INSTRUCTIONS FOR THE TASK: Begin at the line that has "La villa comprend", stop after the line that has "- DELETE AN", and print exactly those lines from the records below, without any pictures.

INFORMATION GIVEN:
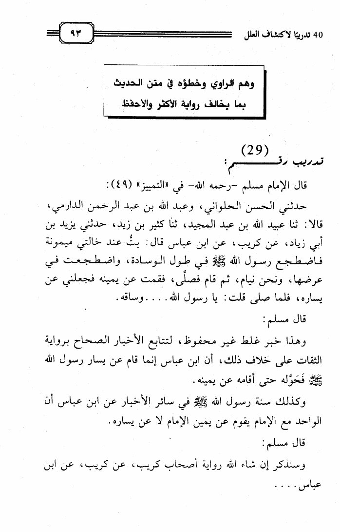 أربعون تدريبا عمليا في نقد الأسانيد والمتون واكتشاف العلل من كتاب العلل
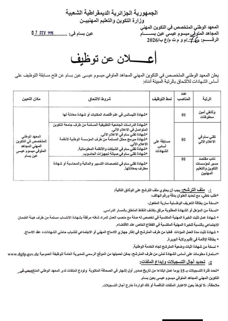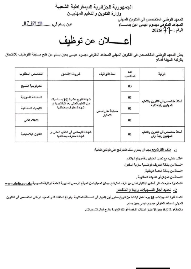للإعلانين الصادرين عن المعهد الوطني المتخصص في التكوين المهني “المجاهد المتوفي ميسوم عيسى” بعين بسام (ولاية البويرة)، والمؤرخين في 07 فيفري 2026.
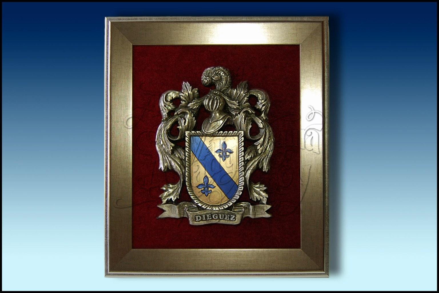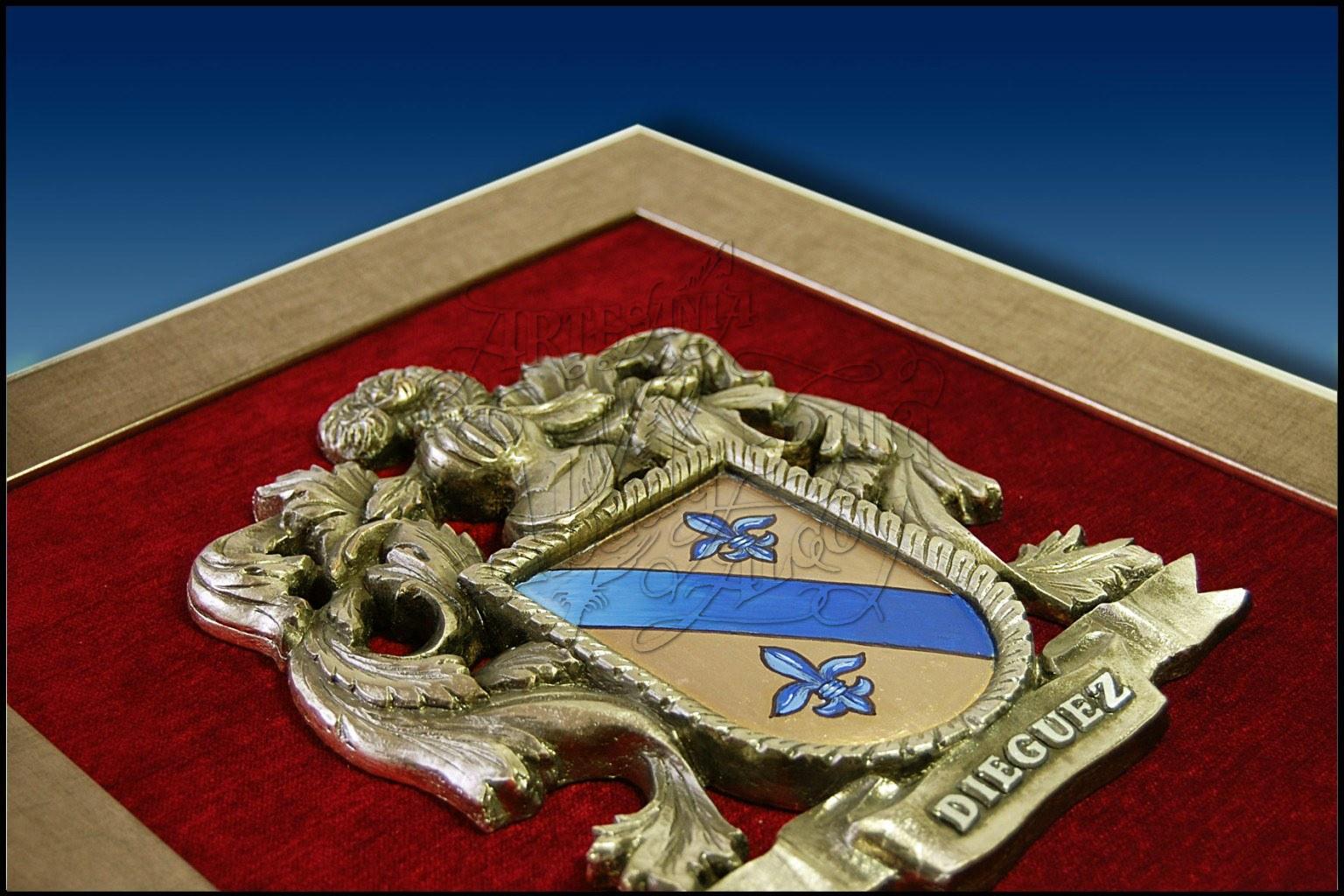 Heráldica del apellido en bajorrelieve, realizado en resina y bañado en bronce. El escudo de la heráldica está dibujado y pintado a mano. Las letras del propio apellido, están realizadas en relieve.
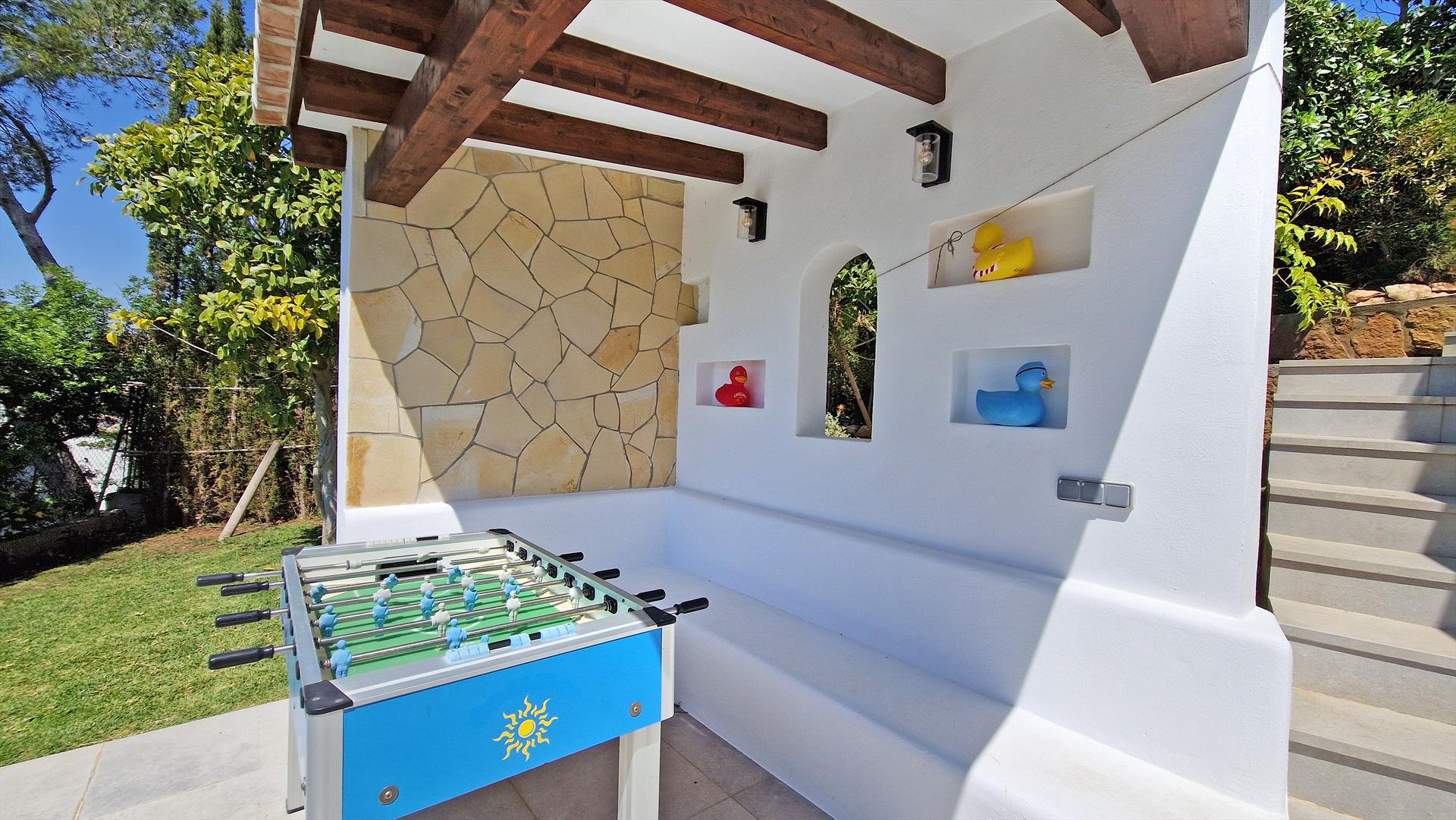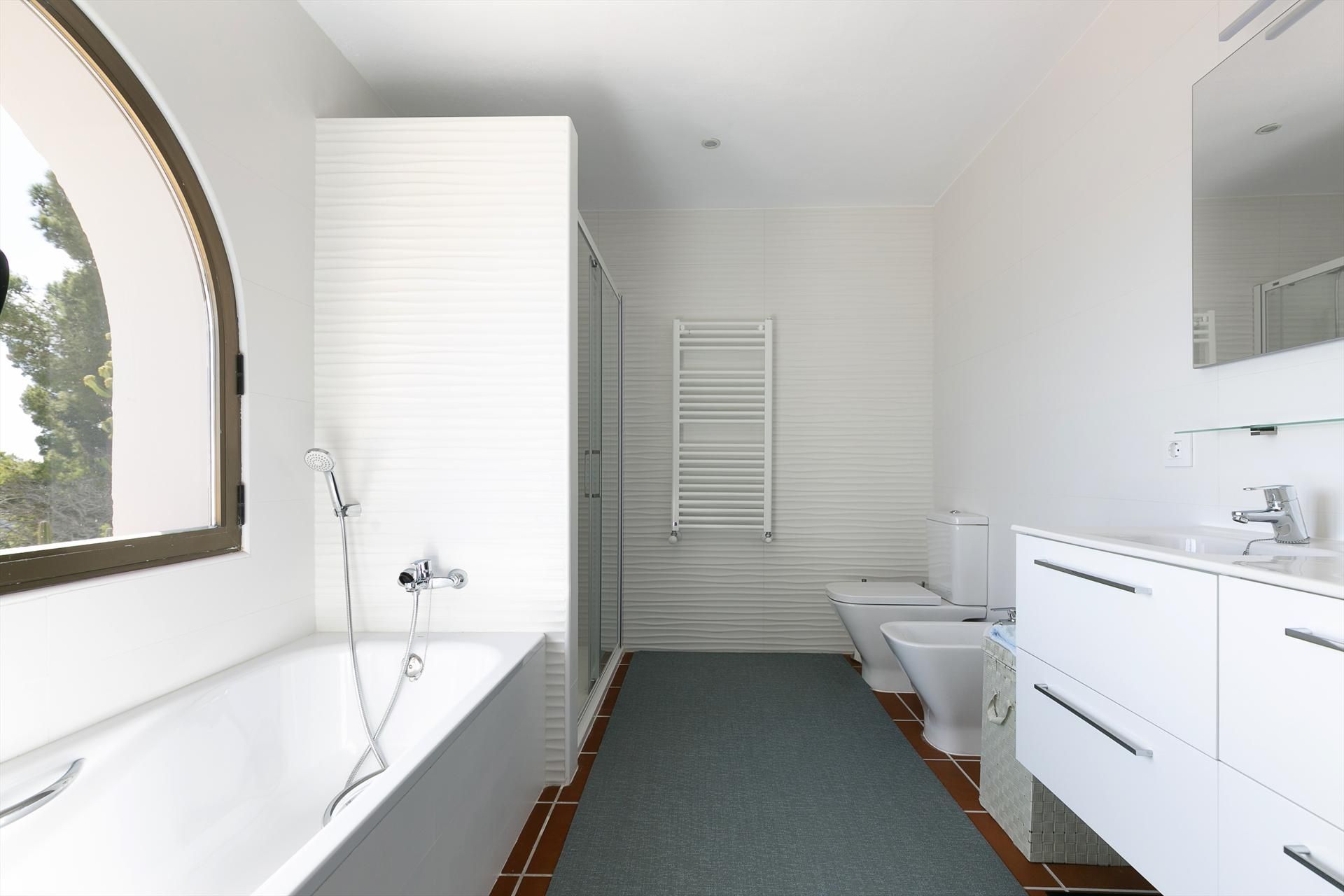 La villa comprend 4 chambres, 4 salles de bain et 1 toilette pour invités, répartis sur 2 niveaux. L'hébergement offre intimité, un jardin arboré, une belle piscine et de superbes vues sur la mer. Son confort et la proximité de la plage, des activités sportives et des lieux de sortie en font une villa idéale pour passer vos vacances en Espagne en famille ou entre amis.
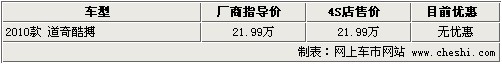 據(jù)4S店銷售人員介紹:目前2010款道奇酷搏北京地區(qū)無(wú)現(xiàn)車,但部分4S店內(nèi)接受預(yù)訂,定金為5000元。據(jù)經(jīng)銷商介紹,2010款酷搏計(jì)劃將在第二季度引入中國(guó),但最早可能在3月份到店銷售。2010款酷搏仍將搭載2.0升自然吸氣發(fā)動(dòng)機(jī),在配置上將與08款車型相差不多,相比09款車型配置更豐富;此款車型售價(jià)為21.99萬(wàn)元,在價(jià)格方面與老款車型持平。
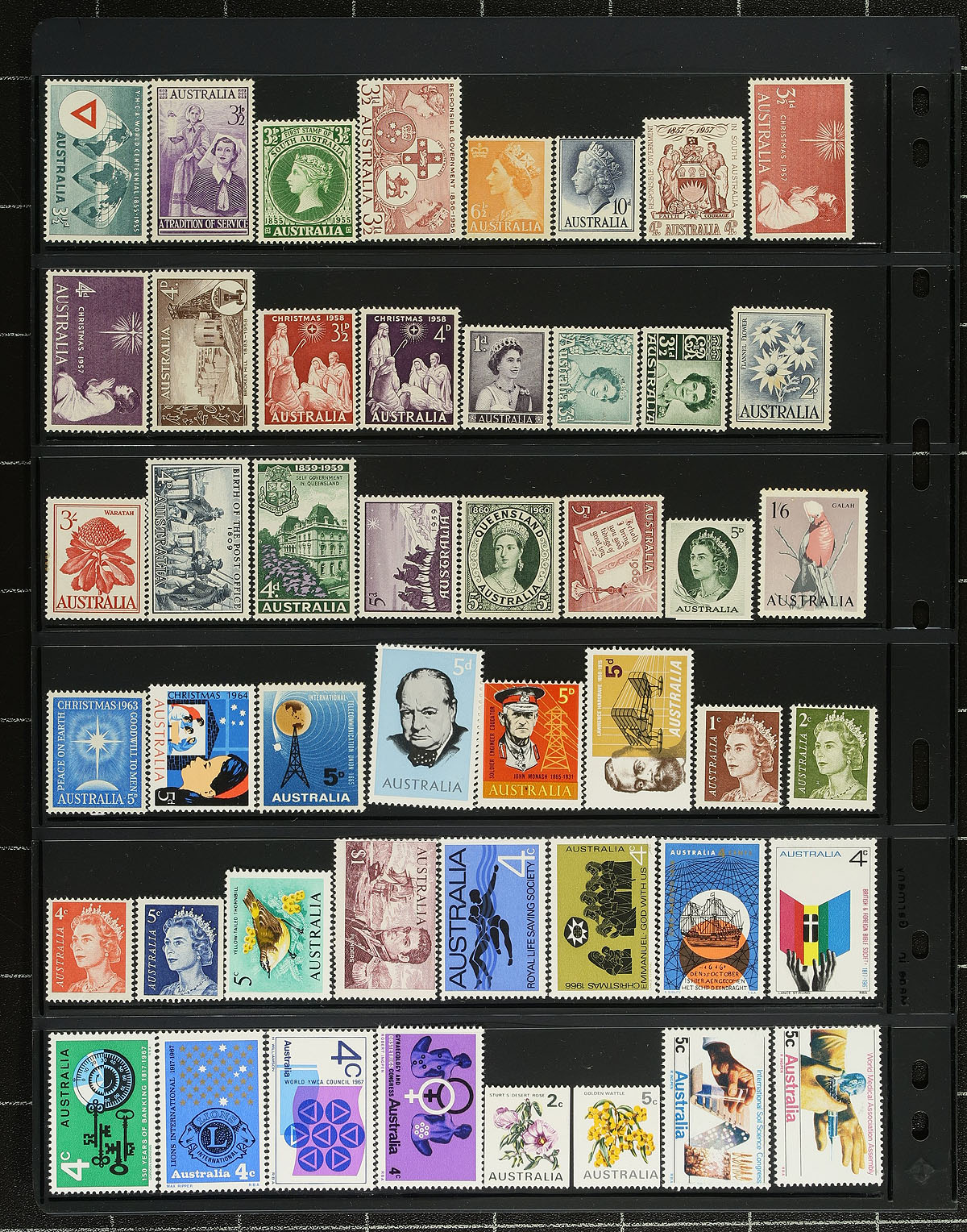 Nice accumulation of primarily never hinged Australia, 1930's-1990's, in a variety of formats. This interesting lot has a bit of everything including singles, sets, blocks, gutter pairs, presentation packs, years sets, in 102 cards, stock pages, album pages, and more. A spot check indicated singles, sets, and partial sets cataloguing $10 to $35 and up each. The lot also includes mint singles and sets from Australian Antarctic Territory. Face value would be a few hundred dollars alone. A nice clean lot for collectors and dealers alike. Estimate =
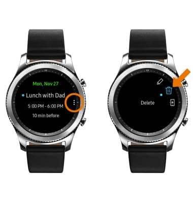 - DELETE AN EVENT: From the desired event, select the Menu icon then select the Delete icon.
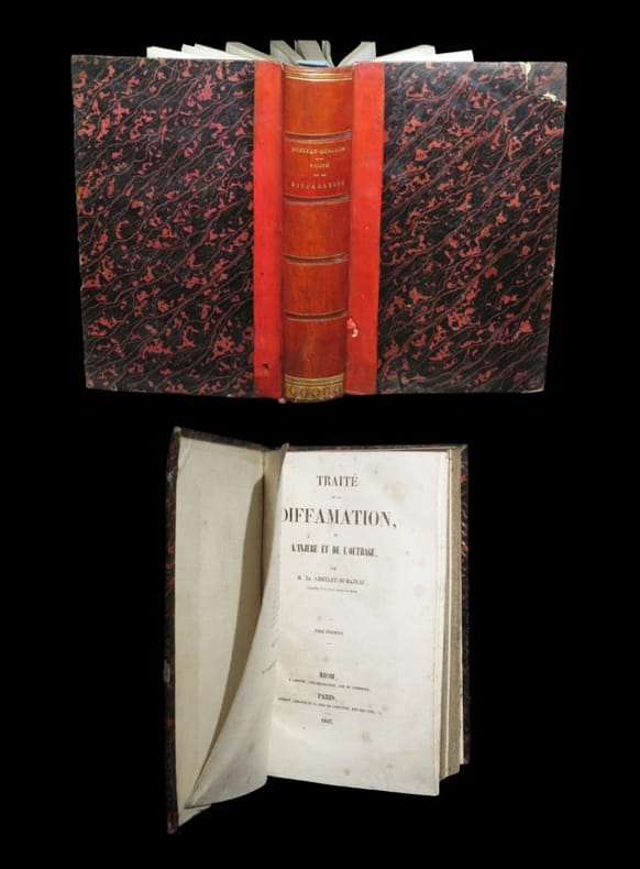 Edition originale. Ensemble complet de ses deux tomes ; ici reliés en un fort volume. Belle impression sur vergé d'édition. ''Les caractères constitutif de la diffamation ont attiré toute l'attention de l'auteur du présent traité, et il ne croit pas avoir laissé beaucoup à dire sur l'allégation ou l'amputation, le fait déterminé et précis, l'atteinte à l'honneur ou à la considérations, les lieux ou réunions publiques, l'intention de nuire. Les éléments de l'injure et de l'outrage ont été aussi de sa part l'objet d'une analyse de détail faite avec le plus grand soin. Mais, plus encore, son étude de la preuve du fait diffamatoire''. Un angle accidenté. Infime manque superficiel en marge gauche du premier plat. Cerne angulaire claire aux feuillets liminaires. Rousseurs éparses dans le corps d'ouvrage. Du reste, bonne condition. Peu courant.
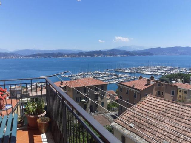 Nel borgo di Fezzano all'ultimo piano di tre in stabile ristrutturato, ampio appartamento in ottimo stato, composto da grande cucina, salone doppio con due finestre e balcone tutti con favolosa vista mare, grande camera da letto matrimoniale (20 mq circa) con bagno privato, due camere da letto di cui una con stanza armadi finestrata, grande bagno con finestra.
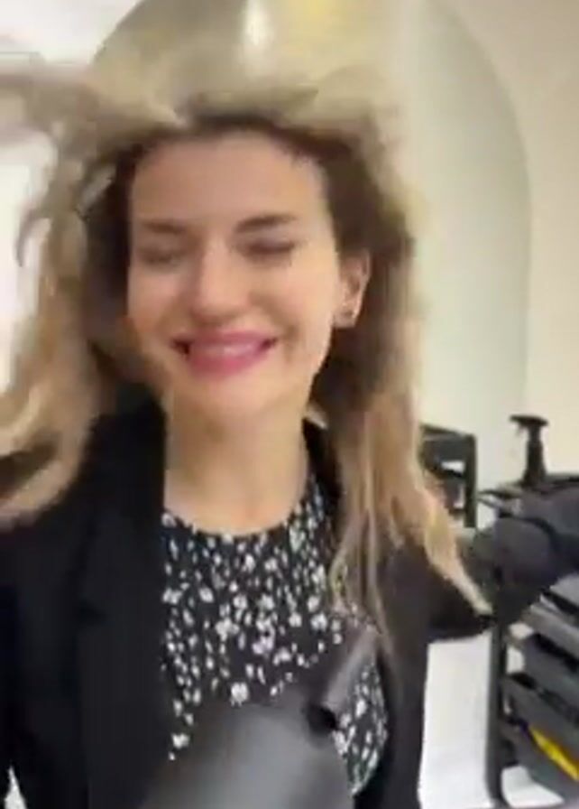In a brightly lit salon, a woman with blonde hair, wearing a black and white floral dress under a black blazer, is seen holding a black hair dryer. She is facing the camera, which is likely hand-held, and playfully swirling her hair around as the dryer blows air. A round mirror is visible behind her, reflecting the salon environment. In the background, a rack of styling tools and products is partially visible. The woman is smiling slightly, enjoying the effect of the air on her hair.
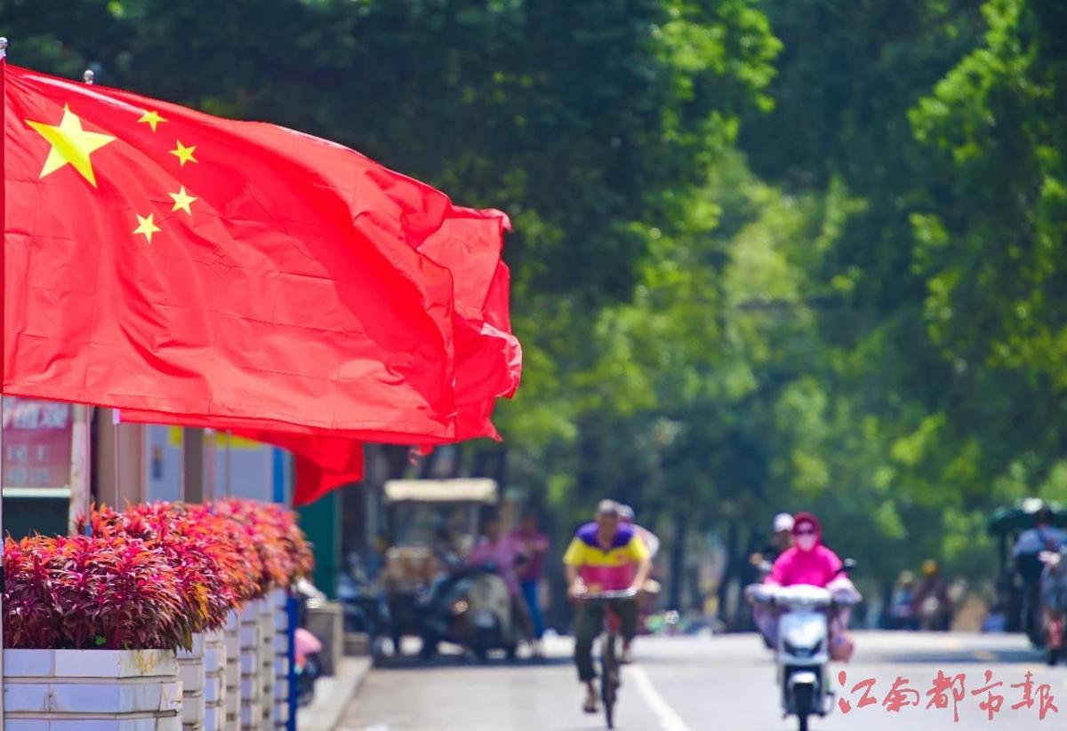 江南都市報訊 蘭春、全媒體記者劉火兵攝影報道:國慶,是全民歡慶的日子,也是對祖國深情告白的時刻。10月1日,贛州市主城區(qū)不少道路懸掛起了鮮艷的五星紅旗,滿街的“中國紅”讓市民們感受到喜慶祥和的節(jié)日氛圍。在迎賓大道路, 不少市民以鮮艷的國旗為背景拍照留念。 為營造節(jié)日氛圍, 表達(dá)愛國情懷,沿路的商家也用小國旗裝扮起了店鋪。
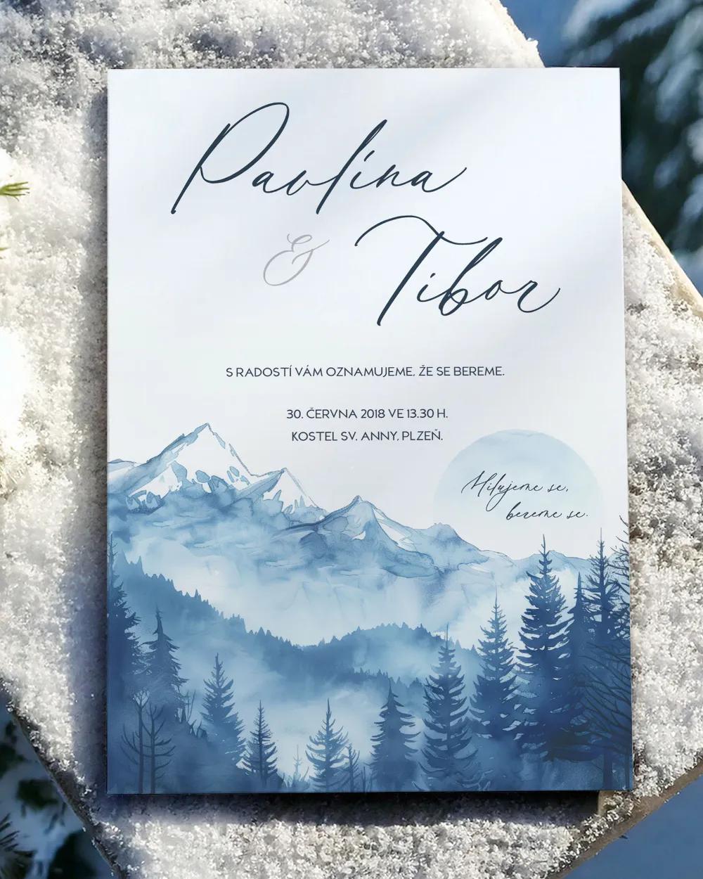 Stylová kruhová kovová svatební magnetka s akvarelovým motivem majestátních modrých hor a lesů působí romanticky a zároveň moderně. Je krásnou vzpomínkou pro hosty a milým detailem, který potěší každého. Personalizovaná jmény a datem svatby se stává jedinečnou památkou s osobním odkazem. Kvalitní tisk na kovovém základu zaručuje dlouhou životnost a elegantní vzhled. Ve stejném motivu můžete sladit i další tiskoviny – etikety, menu či jmenovky – a podtrhnout harmonii výzdoby.
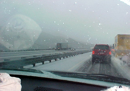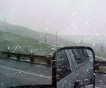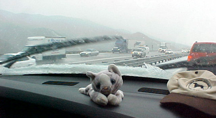 We drove to Fresno and found snow (!) on the Grapevine.

ANSWER TO THIS TASK:
 La villa comprend 4 chambres, 4 salles de bain et 1 toilette pour invités, répartis sur 2 niveaux. L'hébergement offre intimité, un jardin arboré, une belle piscine et de superbes vues sur la mer. Son confort et la proximité de la plage, des activités sportives et des lieux de sortie en font une villa idéale pour passer vos vacances en Espagne en famille ou entre amis.
 據(jù)4S店銷售人員介紹:目前2010款道奇酷搏北京地區(qū)無(wú)現(xiàn)車,但部分4S店內(nèi)接受預(yù)訂,定金為5000元。據(jù)經(jīng)銷商介紹,2010款酷搏計(jì)劃將在第二季度引入中國(guó),但最早可能在3月份到店銷售。2010款酷搏仍將搭載2.0升自然吸氣發(fā)動(dòng)機(jī),在配置上將與08款車型相差不多,相比09款車型配置更豐富;此款車型售價(jià)為21.99萬(wàn)元,在價(jià)格方面與老款車型持平。
 Nice accumulation of primarily never hinged Australia, 1930's-1990's, in a variety of formats. This interesting lot has a bit of everything including singles, sets, blocks, gutter pairs, presentation packs, years sets, in 102 cards, stock pages, album pages, and more. A spot check indicated singles, sets, and partial sets cataloguing $10 to $35 and up each. The lot also includes mint singles and sets from Australian Antarctic Territory. Face value would be a few hundred dollars alone. A nice clean lot for collectors and dealers alike. Estimate =
 - DELETE AN EVENT: From the desired event, select the Menu icon then select the Delete icon.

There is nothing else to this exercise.